The current restrictions provide no balance and are grossly slanted against human need. The Emergency Water Supply Amendment restores some balance to a process that has had a catastrophic impact on the state's ability to nurture economically healthy communities. The impact on the Central Valley has been well-documented and is unchallenged. But water users across the state are also detrimentally affected. Water ratepayers in Southern California cannot afford to absorb the new rate hikes that are likely to be levied if water supplies continue to be limited. And although there are simply not enough water supplies to meet demand, developers are required by law to identify a 20-year reliable water supply as a condition for building, resulting in even greater deficits in already depressed local economies. This has already resulted in a stoppage of some development projects that might not be able to provide evidence of adequate water supply. A lack of reliable water supply could have an impact throughout Southern California, delaying a rebound in the housing market and eliminating construction jobs.
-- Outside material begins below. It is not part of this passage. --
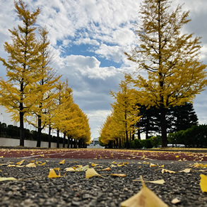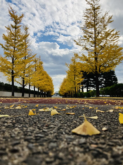 ここは陸上競技場横のサブトラックです。我が家は息子が陸上競技をしていました。今では大学生となり家を離れました。大会や練習、よく通った競技場ですので思い出にふけりながら、陸上トラックとイチョウの綺麗な黄色の葉の組み合わせが面白いなと思い撮影しました。

The Emergency Water Supply Amendment does not change the Endangered Species Act. Senator Feinstein's amendment does not waive or suspend the Endangered Species Act. Rather, the legislation follows the example of an earlier Congressional action that successfully resolved a similar crisis in New Mexico, which was passed unanimously in the Senate. The amendment would modify the application of the Endangered Species Act to ensure that pumping in California is not reduced below the level that numerous scientific studies have shown will be safe for the fish but still enable California's water system to serve the public.
The amendment does not modify the parameters already determined under the Biological Opinion. The amendment would set a lower limit on how much the federal fish agencies can reduce pumping. The Department of Water Resources and the numerous scientific studies that the National Academy of Sciences is currently reviewing indicate that there is no beneficial effect for salmon or smelt when the pumping is reduced below the limit set by Senator Feinstein's proposal.
The science behind the development of pumping restrictions has been questioned and is being reviewed. Serious questions have been raised by the Department of Water Resources and by public water agencies serving two thirds of the state's population concerning the adequacy of the science underlying the current federal limits on pumping. Despite the restrictions, there is no evidence the fish have benefited in any way. The National Academy of Sciences, at the request of Congress and the Obama Administration, has convened a special scientific panel to determine whether there was any scientific basis for the federal restrictions on pumping and what alternatives would do less damage to the human environment.
The amendment respects the framework for long-term solutions already in place. With the enactment of the 2009 Comprehensive Water package by the State Legislature and the potential of the passage of the $11.14 billion General Obligation bond in November, California now has a strong framework to address water storage/movement with a multi-faceted approach. However, the crisis at hand requires immediate relief. Nothing in the Emergency Water Supply Amendment supersedes, overrides, or modifies the current framework for addressing the water crisis.
Senator Boxer, we desperately need your leadership on this issue. This is a temporary and reasonable measure to address with the crisis at hand and we cannot survive another year while waiting for relief. We implore you to co-author this critical legislation and work for its immediate adoption, and stand ready to partner with you on the reformation of a prosperous, thriving California.